Work to be completed: Every line of the entries below from the one containing "自身合成量不足時,會產生焦慮不安,造成睡眠淺、睡眠品質不高等反應。" to the one containing "The data obtained", both ends included, must be written out exactly. No other line belongs in the answer.

Records to use:
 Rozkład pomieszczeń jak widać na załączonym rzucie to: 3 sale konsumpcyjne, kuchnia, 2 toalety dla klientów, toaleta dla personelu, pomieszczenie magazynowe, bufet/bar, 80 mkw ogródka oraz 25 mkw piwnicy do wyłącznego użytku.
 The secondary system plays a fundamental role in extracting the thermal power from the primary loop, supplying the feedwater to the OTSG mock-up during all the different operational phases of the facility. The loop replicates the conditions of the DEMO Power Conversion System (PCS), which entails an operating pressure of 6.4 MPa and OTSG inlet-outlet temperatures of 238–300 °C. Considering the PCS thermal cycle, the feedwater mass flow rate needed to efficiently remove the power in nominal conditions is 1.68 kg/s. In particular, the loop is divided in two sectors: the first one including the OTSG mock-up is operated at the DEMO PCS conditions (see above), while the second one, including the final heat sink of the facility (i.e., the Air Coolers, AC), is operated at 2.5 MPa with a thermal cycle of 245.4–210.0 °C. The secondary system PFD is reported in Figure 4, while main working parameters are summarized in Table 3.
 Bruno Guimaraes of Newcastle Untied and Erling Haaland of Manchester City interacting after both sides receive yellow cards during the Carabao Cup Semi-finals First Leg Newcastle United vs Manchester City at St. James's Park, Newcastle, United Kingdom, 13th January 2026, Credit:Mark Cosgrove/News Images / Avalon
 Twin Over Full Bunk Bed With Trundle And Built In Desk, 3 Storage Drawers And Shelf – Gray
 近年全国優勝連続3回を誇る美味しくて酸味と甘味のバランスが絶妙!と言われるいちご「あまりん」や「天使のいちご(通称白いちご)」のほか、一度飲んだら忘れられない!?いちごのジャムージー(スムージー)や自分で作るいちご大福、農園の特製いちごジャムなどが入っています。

==

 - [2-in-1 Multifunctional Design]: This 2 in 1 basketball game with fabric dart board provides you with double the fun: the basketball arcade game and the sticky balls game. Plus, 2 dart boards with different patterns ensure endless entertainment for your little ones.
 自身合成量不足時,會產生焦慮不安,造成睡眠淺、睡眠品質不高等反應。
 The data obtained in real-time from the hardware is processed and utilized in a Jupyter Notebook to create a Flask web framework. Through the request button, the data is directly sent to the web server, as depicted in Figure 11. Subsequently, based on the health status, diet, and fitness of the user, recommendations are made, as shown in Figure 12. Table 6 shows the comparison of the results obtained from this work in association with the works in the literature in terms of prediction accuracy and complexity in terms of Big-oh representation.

Answer space:
 自身合成量不足時,會產生焦慮不安,造成睡眠淺、睡眠品質不高等反應。
 The data obtained in real-time from the hardware is processed and utilized in a Jupyter Notebook to create a Flask web framework. Through the request button, the data is directly sent to the web server, as depicted in Figure 11. Subsequently, based on the health status, diet, and fitness of the user, recommendations are made, as shown in Figure 12. Table 6 shows the comparison of the results obtained from this work in association with the works in the literature in terms of prediction accuracy and complexity in terms of Big-oh representation.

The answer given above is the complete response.